• Problem requirements: Leave every picture out. Set down all the lines below exactly.

• Available data:
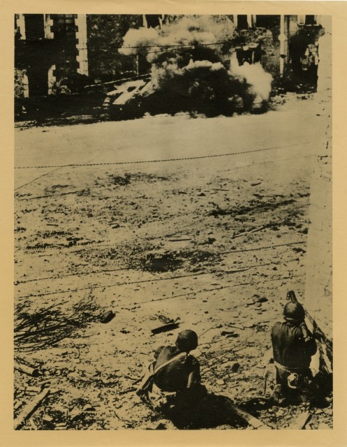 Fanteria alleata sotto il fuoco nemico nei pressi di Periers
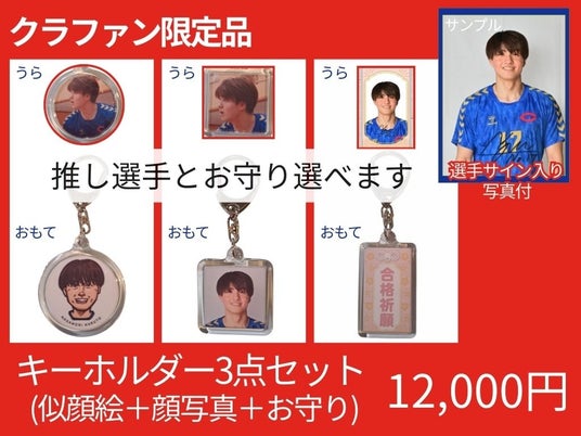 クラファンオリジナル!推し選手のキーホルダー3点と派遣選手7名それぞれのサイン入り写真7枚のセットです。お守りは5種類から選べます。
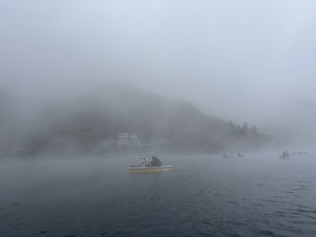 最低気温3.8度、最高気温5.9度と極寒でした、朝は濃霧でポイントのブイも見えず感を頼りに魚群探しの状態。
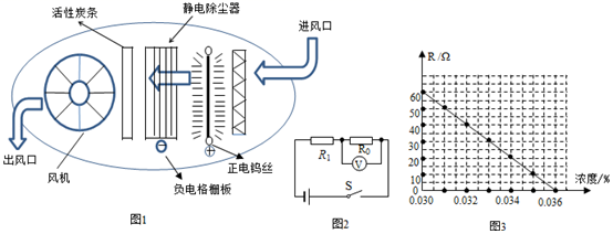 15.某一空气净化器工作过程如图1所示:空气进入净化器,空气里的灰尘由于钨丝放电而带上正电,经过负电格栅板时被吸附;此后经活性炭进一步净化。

• Written response:
 Fanteria alleata sotto il fuoco nemico nei pressi di Periers
 クラファンオリジナル!推し選手のキーホルダー3点と派遣選手7名それぞれのサイン入り写真7枚のセットです。お守りは5種類から選べます。
 最低気温3.8度、最高気温5.9度と極寒でした、朝は濃霧でポイントのブイも見えず感を頼りに魚群探しの状態。
 15.某一空气净化器工作过程如图1所示:空气进入净化器,空气里的灰尘由于钨丝放电而带上正电,经过负电格栅板时被吸附;此后经活性炭进一步净化。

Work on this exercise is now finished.